Немного подождем. Еще пару секунд. Теперь можно продолжить путь, опуститься этажом ниже. Начать свои исследования здесь? Но нет, столь же мрачные проходы, вся та же тьма клубится в углах и нишах, та же тоска распласталась унылым полотном.
Тогда еще оставить позади пролеты, достигнуть самого низа. Вчера я не особо глазела по сторонам, старалась не упустить девчонку из виду. А сегодня стоит уже быть более внимательной.
Последний этаж разочаровывал той же запущенностью, что и прочие. И пусть почудилось, что факелы горят ярче, что стены отражают свет веселее, не стоит обманываться. Передо мною расстелился подобный прочим коридор, Все, чем он мог привлечь — вероятной дорогой к выходу. Вопрос лишь в другом — не ошиблась ли я сегодня направлением? Мне казалось, что следуя за Эллис, я совершала те же повороты и пробегала те же расстояния…
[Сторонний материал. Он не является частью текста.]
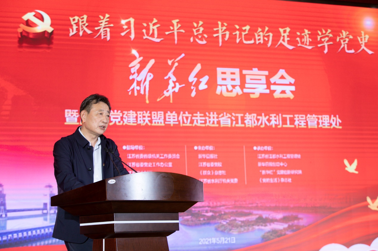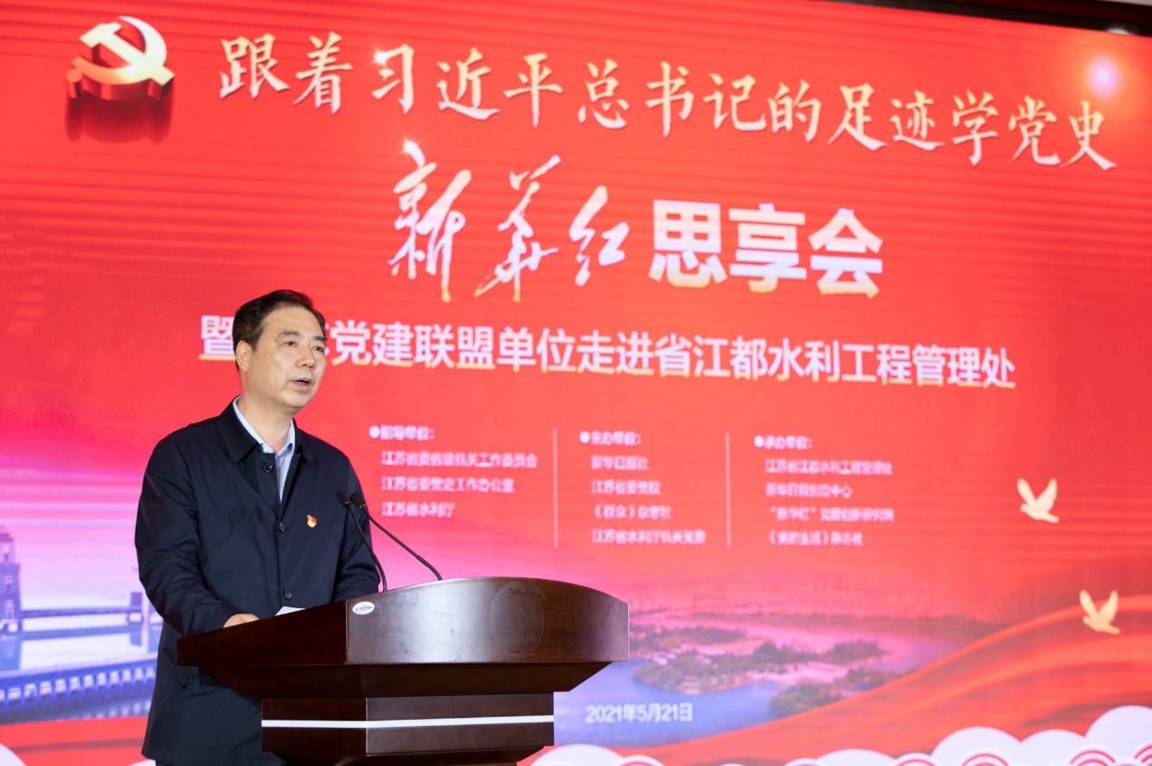 江苏省水利厅党组成员、副厅长高圣明也参加了本次“新华红”思享会并致辞,他说,在全党上下深入开展党史学习教育之际,“新华红”江苏党建联盟走进江都水利枢纽,开展“跟着习近平总书记的足迹学党史”“新华红”思享会,这既是一场鲜活的党史教育,也是一次深刻的党性锻炼,对水利厅系统进一步深化党史学习教育,提高单位党建质量,具有很强的指导意义。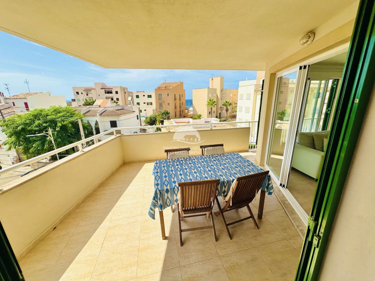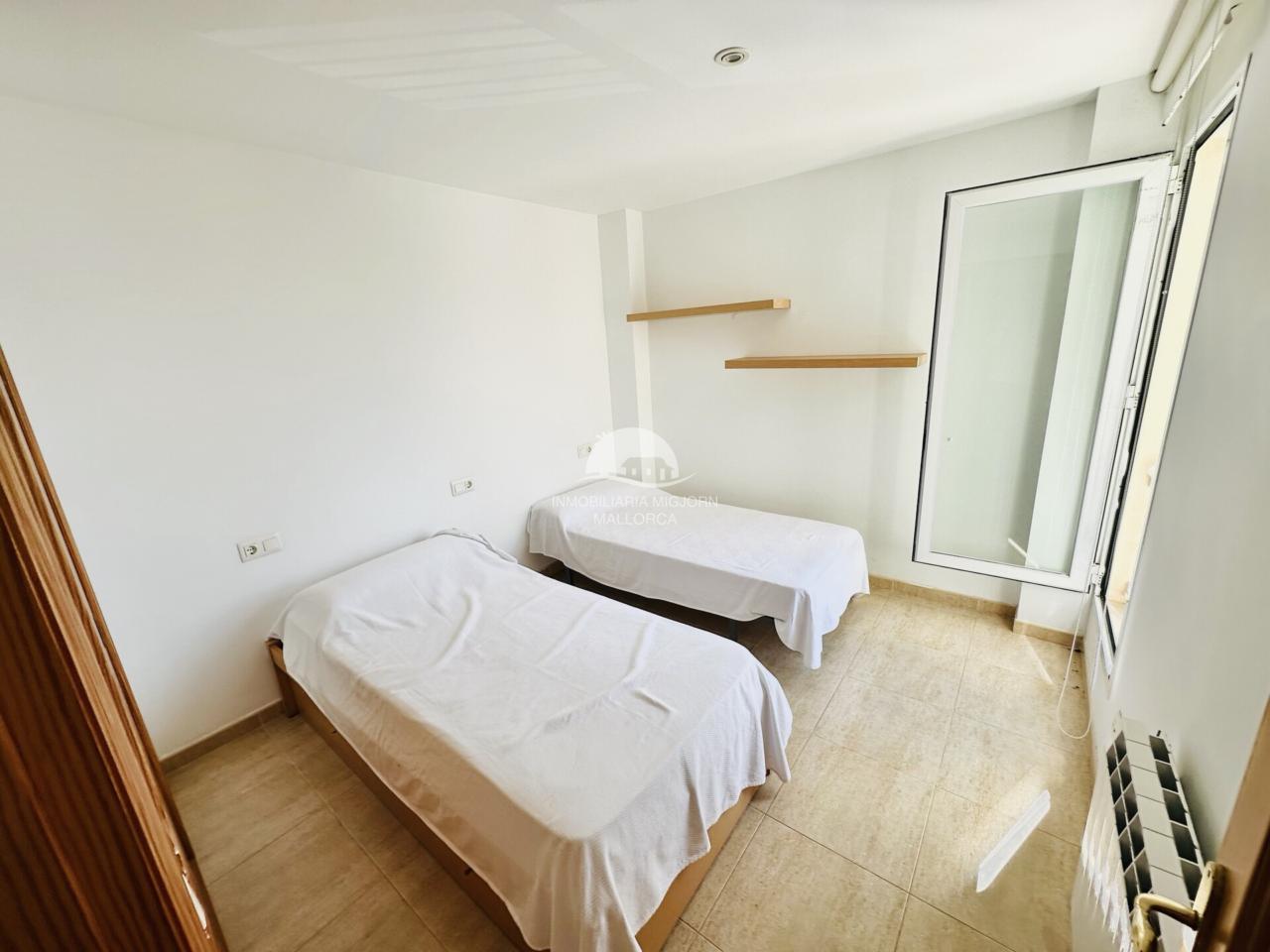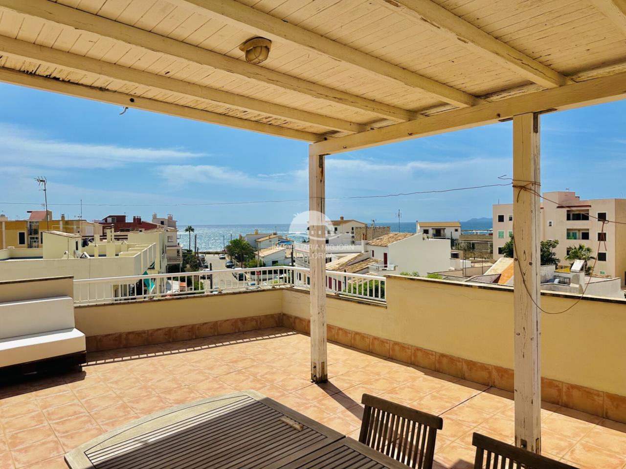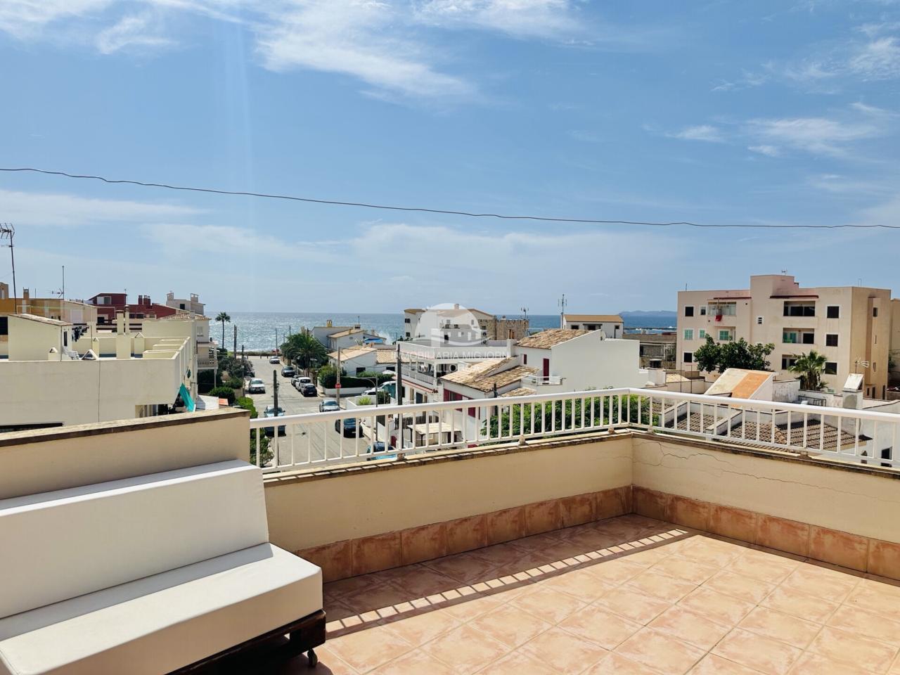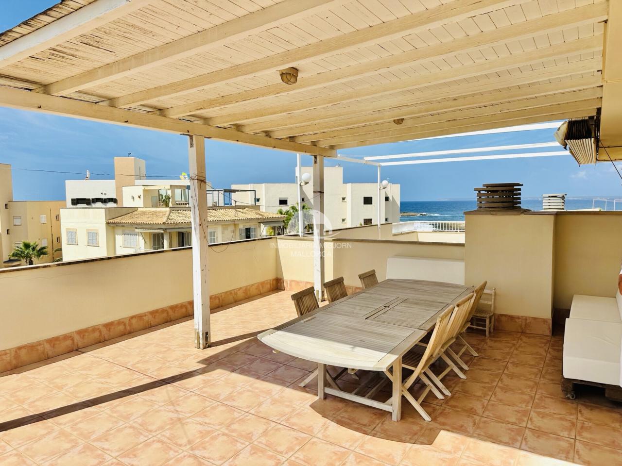 Dúplex para alquilar a largo plazo en 2ª línea en la maravillosa Colonia de Sant Jordi. Se trata de un apartamento con vistas al mar. El apartamento está en buen estado, amueblado y totalmente equipado. En la planta inferior se encuentra el área de estar y comedor con acceso a la terraza exterior con vista al mar, la cocina, dos baños, dos dormitorios dobles y uno individual. En la planta superior con azotea el apartamento tiene una gran terraza parcialmente cubierta con zona chill out y solarium. También hay un área de barbacoa y cocina exterior.

Несмелый шаг, второй, слух — на пределе возможностей. Лишние свидетели сейчас ни к чему, идеально будет, если ближайшие пару часов вообще никто не вспомнит о моем существовании.
— Ненормальная семейка, — буркнула я себе под нос, — избалованный мальчишка, старая карга и девчонка-аутистка.
С последним словом встроенный переводчик не справился, выдал что-то неудобоваримое. А если нецензурно выругаться? Вшитая программа снова дала сбой и с некоторой задержкой протолкнула из горла трехэтажную витиеватую конструкцию.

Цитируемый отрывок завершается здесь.